Any recipe that spans generations holds a special meaning to those using it. In Emily Holbrook’s case, it’s her grandmother’s recipe for seafood gumbo.
By Emily Holbrook
Created on a typewriter, this worn and yellowing paper is stained with what I can only imagine is sweet tea and roux grease. The creases are brittle and the edges worn. On the margins is my mother’s loopy cursive, noting the slight adjustments she made over time. The first line reads, “One hen for boiling.”
It’s not often I use it — this emotional 8 1/2 x 11 page of measurements and instructions. It is reserved for special occasions. And the annual clamming trip to Southampton, New York is just that.
Myself and eight friends spend one weekend each summer at a tiny beach house — the former home of my friend’s grandmother, which has also been handed down from generation to generation. We make this trek for one purpose: clamming. We swim across the shallow bay, dragging floating coolers for beer and clams and dig our feet into the black, silky mush — a mix of quicksand and slick mud. Within minutes we’re hoisting clams to the surface with our toes. Within an hour we’ve filled the cooler.
From there we swim to another area to hunt for oysters. Though not as plentiful as clams, we managed to catch close to a dozen, which we shucked and ate within minutes. The first time I tasted an oyster freshly caught from these waters, I proclaimed I would never taste a better bite of seafood. I still have yet to.
Back at the house, after enjoying melt-in-your-mouth oysters, we got to work steaming the clams. Working in batches, we piled the fresh clams (third picture) into a large, metal pot and added only water. A few minutes later, the clams opened, exposing the briny meat we
worked so hard barely exerted any effort for. This process created a delicious, salty broth that we used in the gumbo. We were also lucky enough to have two quarts of lobster stock on hand, thanks to a friend’s recent seafood smorgasbord and his ambition to put to use leftover shells.
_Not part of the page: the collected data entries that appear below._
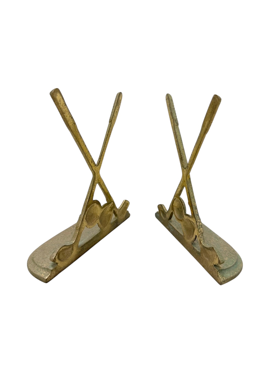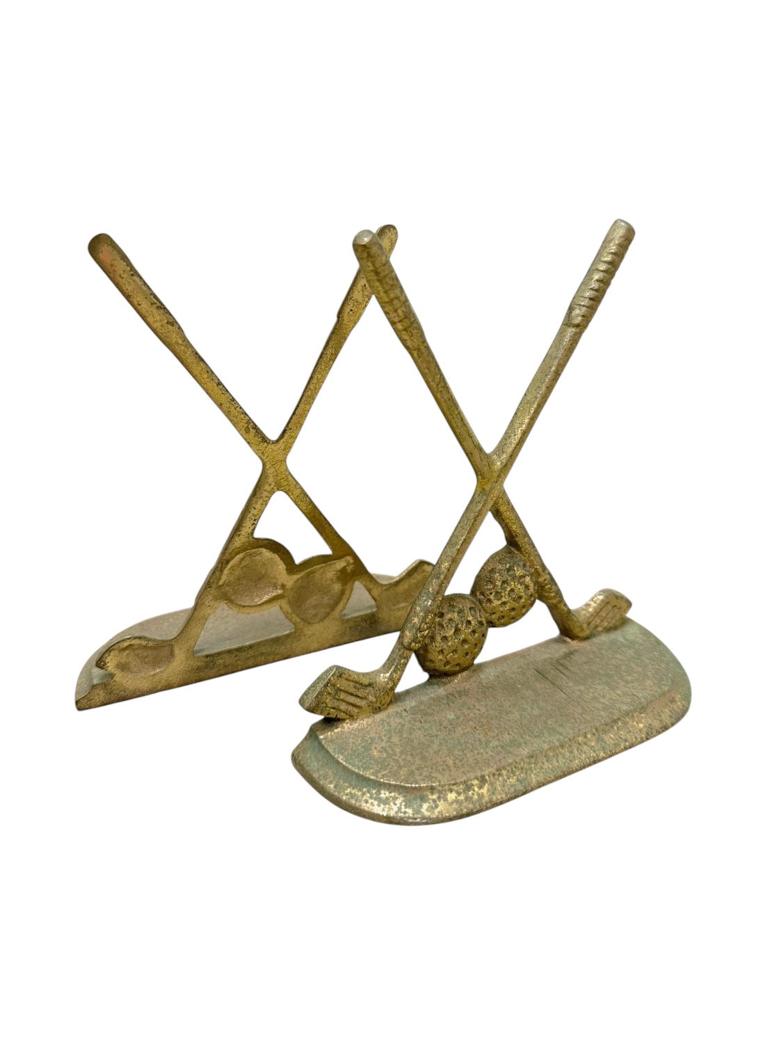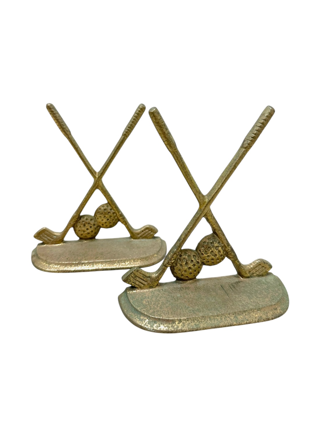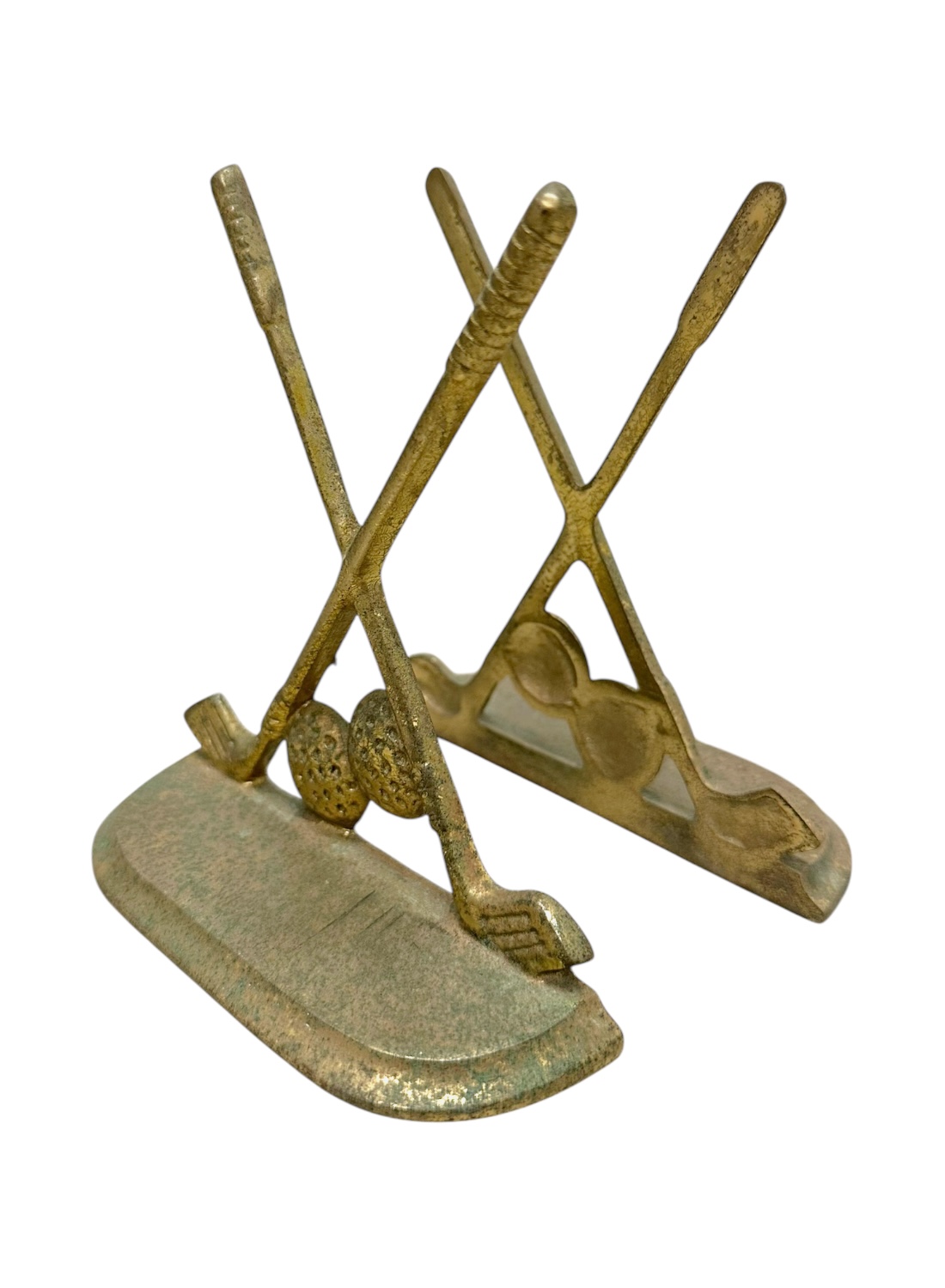 Vintage Pair of Brass Golf Club and Ball Bookends with Patina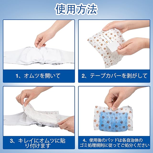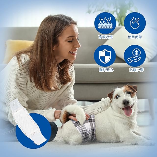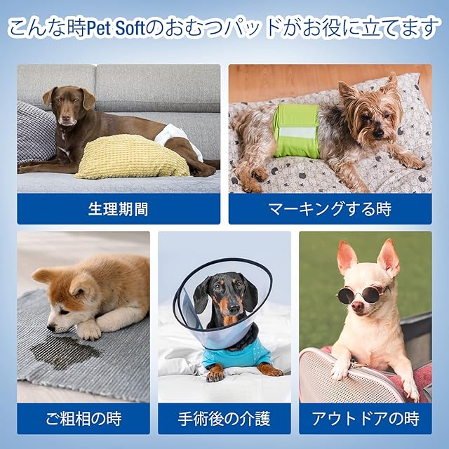 商品名:犬用おむつパッド 男の子 女の子兼用マナーパッド 100枚入 おむつウェア マナーベルト サニタリーパンツに適用、ズレない 高吸収性能 蒸れない お漏らし対策 マーキング対策 手術後介護 老犬介護 おむつパッド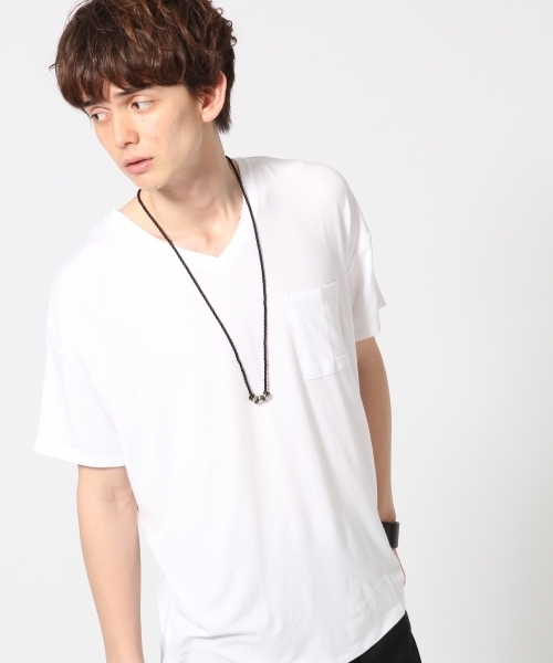 上品な質感のVネックカットソー。 程好い落ち感と光沢感を演出する為にモダール生地を使用。 ややゆったりとしたサイジングに落ち感を付けることで、シャープな印象を崩さず、 リラックス感のあるカットソーに仕上げています。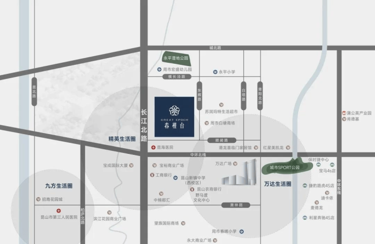 项目南靠中环北线(青阳路、长江路出入口),可快速到达昆山东西南三个方向的城市副中心;距项目1.5公里即是凤凰城商业中心,包含捞王、王品牛排等多个大型餐饮。南向1.8公里即可到达万达广场,满足您一站式的日常购物需求。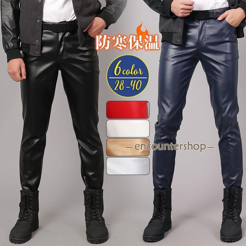 【期間限定10%OFF】革パンツ メンズ レザーパンツ 革パン ストレッチ 演出 微起毛 防寒 フェイクレザー 無地 大きいサイズ ライダースパンツ 細身 美脚 秋冬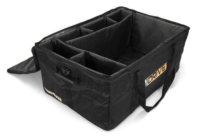 Diese 65,5 x 45,5 x 28 cm große, schwarze Tasche für RC-Fahrzeuge von M-Drive ist eine leichte Tasche, die für die sichere Aufbewahrung, den Transport und den Schutz Ihres 1/10-Autos, Trucks, Monstertrucks und des Senders/Ladegeräts konzipiert wurde.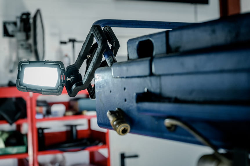 - Lampa robocza LED z urządzeniem zaciskowym dla większej elastyczności i funkcji, dzięki szerokości mocowania do 55 mm, do użytku domowego i rzemieślniczego lub w warsztatach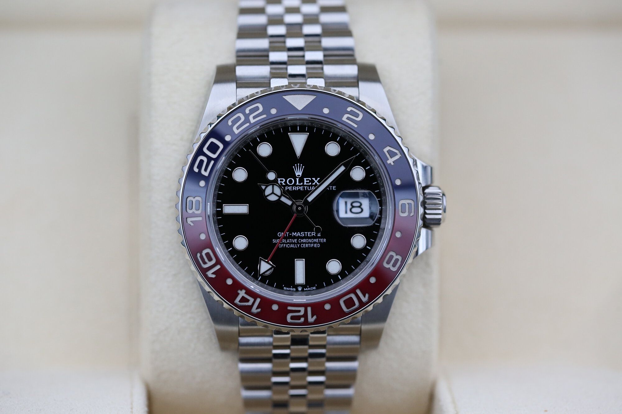 This watch features a stylish black dial and a cerachrom bezel with blue and red ceramic insert, this colour combination is affectionately known in the industry as “The Pepsi”.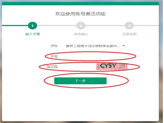 学生打开激活页面,输入学号、验证码,单击【下一步】(学号信息必须真实,非真实信息无法注册)。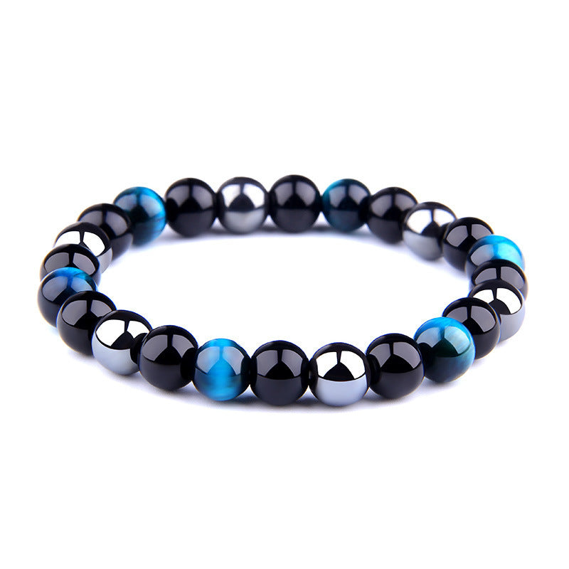Rockyu が贈る、スタイリッシュで頼れる天然石ブレスレット。艶やかなブラックビーズに、虎目石の存在感ある輝きがプラスされることで、シンプルながらも目を惹くデザインに仕上がりました。メンズもレディースも手首にフィットし、ファッションに合わせやすく、毎日のコーディネートにちょっとしたスパイスを与えてくれます。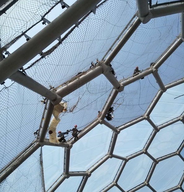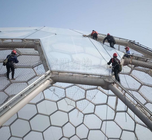 戶外高空作業(yè)環(huán)境下的低溫、雨雪天氣一直是ETFE氣枕膜裝膜過程中面臨的主要難題。雨雪天氣時,基本所有工作都要停工;面對高空作業(yè),只要嚴格執(zhí)行高空作業(yè)規(guī)程,提供安全可靠的防護措施(如穿戴安全繩和加裝安全網(wǎng)),就能保證順利作業(yè);當氣溫低于5℃時,對ETFE膜結(jié)構工程來說,是不適合繼續(xù)作業(yè)的,春節(jié)期間,連云港當?shù)貧鉁刈畹驮诹愣纫韵?,為此,我們的工人只能利用白天正午時分氣溫大幅上升那段時間作業(yè),效率較低。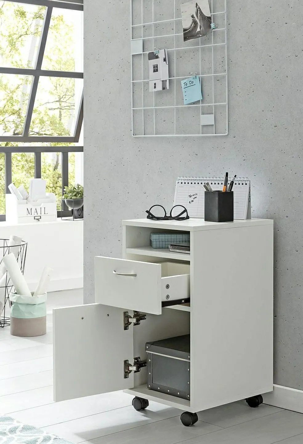 | Commode-phono-bureau-salle de bain-étagère: | Caisson à roulettes | ||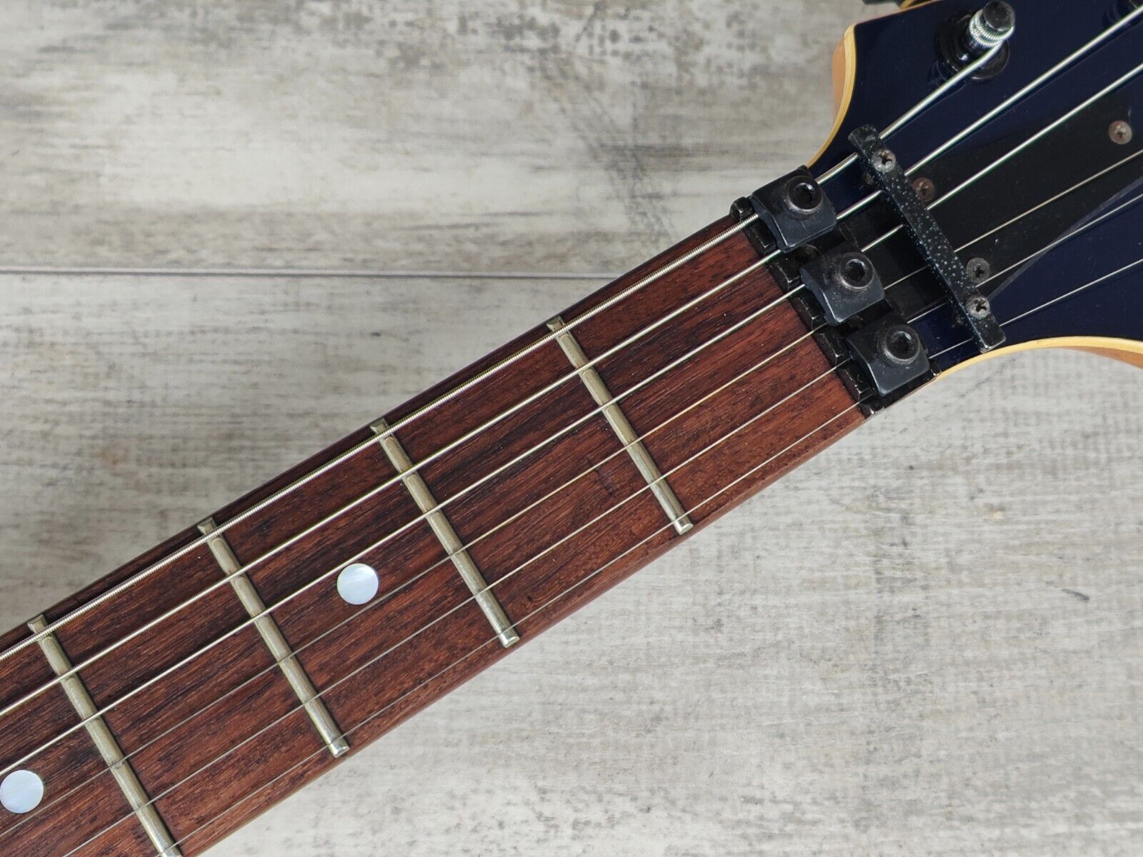 This one's been played plenty over the years and has cosmetic blemishes and playwear as pictured. The frets are pitted but still play as they sit, the neck is straight and the truss works as it should. Given a full Floyd setup and service prior to listing.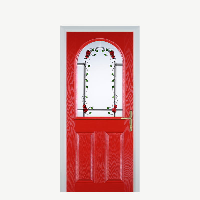 Introducing the Door E 2 Panel 1 Arch in a stunning Poppy Red (High Gloss) finish, designed to elevate the entrance of your home with elegance and style. This composite front door effortlessly combines modern aesthetics with traditional craftsmanship, making it a perfect choice for those looking to enhance their curb appeal.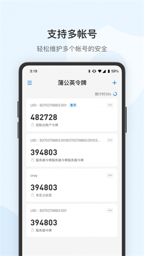 蒲公英令牌是一款超好用的账户保护工具,其可支持多个账号同时使用打开自动生成安全认证二维码,每过十秒就会进行二维码刷新,在扫描二维码经过安全认证后即可编辑查看手机的隐私内容了。有需要的用户赶紧下载吧!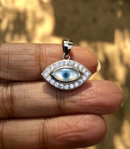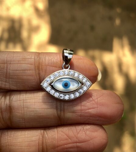 Ciondolo artigianale argento 925 per la protezione contro i malocchi, amuleto Nazariya, gioielli madre di Paerl 1 pz, forma degli occhi, fatti a mano, fatti a mano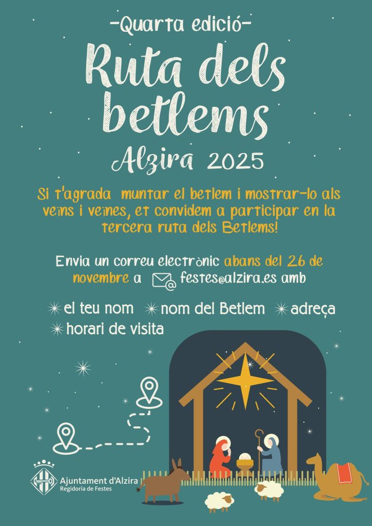 Hui és l’últim dia per a inscriure’s en la ruta dels Betlems. Inscripció lliure per tal que el teu naixement forme part de la ruta que l’Ajuntament fa pública perquè són Betlems que volen rebre visites. Si t’agrada muntar el betlem i mostrar-ho als veïns i veïnes, pots participar en esta quarta ruta dels Betlems, junt amb aquells betlems que es troben en edificis públics. Si vols participar, has d’enviar un correu electrònic a festes@alzira.es amb el teu nom, el nom del Betlem, l’adreça i l’horari de visita que tu establisques. Recorda que hui és l’últim dia per a participar.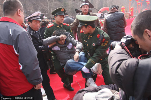 下午1時50分左右儀式開始,陳凱歌上臺發(fā)言后,在場圍觀民眾為爭看明星開始出現(xiàn)擁擠,約300民眾涌上一個高約一米、專為記者拍攝而設(shè)的木制看臺。大約三分鐘后,看臺疑不堪負(fù)重,突然倒塌。在前排拍攝的記者如滾地葫蘆般墜地,三角架、攝影機倒地?fù)p毀。在場的公安、武警將受傷的10名記者抬離現(xiàn)場,送院救治。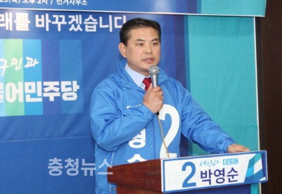 더불어민주당 박영순 대덕구 국회의원 예비후보가 25일 대덕구 오정동에 마련한 선거 사무실에서 당원 및 지지자 200여명과 함께 출마기자회견 및 공약발표회를 갖고, 오는 4월 13일 대덕구 국회의원 선거에 출마할 것을 공식 선언했다.

Here it is, the best gumbo you’ll ever taste–Grandma’s gumbo.
- 1 hen for boiling
- 1 cup shortening (or butter or vegetable oil)
- 1 cup flour
- 3 to 4 quarts stock
- 2 onions chopped
- 3 bell peppers chopped
- 1½ cups chopped celery
- 3 teaspoons garlic, minced
- 5 bay leaves
- 1 cup chopped green onion (tops only)
- 1 bunch fresh parley, chopped
- several squirt worsteschire sauce
- 1 to 1½ pounds sliced okra
- 2 cans stewed tomatoes
- 1 pound kielbasa, cut into ¼ inch slices
- chopped chicken
- 3 to 4 pounds small shrimp
- 5 to 6 ounces cure 81 ham
- 1 pound crab meat (or any other seafood, such as clams)
- cooked white rice
- gumbo filé (optional)
- Place shrimp in a large bowl, sprinkle with 1 tablespoon salt, 1 teaspoon red pepper and garlic powder. Stir well, cover and refrigerate until ready to use.
- Boil the hen with celery, onion, salt and pepper. Remove chicken, de-bone and cut up. Save broth for stock.
- Make roux with the equal parts flour and shortening. Cook slowly until it turns a dark reddish brown (must be stirred continuously on low heat to prevent burning). Add to this the chopped onion, bell peppers and celery. Cook at low heat until the vegetables separate from the fat.
- On the side, brown the okra and sausage in a pan (this helps remove some of the okra's ropiness).
- After vegetables separate from fat, add the hot chicken stock to the mixture. Let this cook until it thickens.
- Add stewed tomatoes, garlic, sausage, chicken, ham (optional) and spices. Let this cook about 45 to 90 minutes (the longer it simmers, the better it tastes).
- Twenty to thirty minutes before serving, add parsley, green onions, crab meat and okra. Add shrimp 5 to 7 minutes before serving. Serve over rice.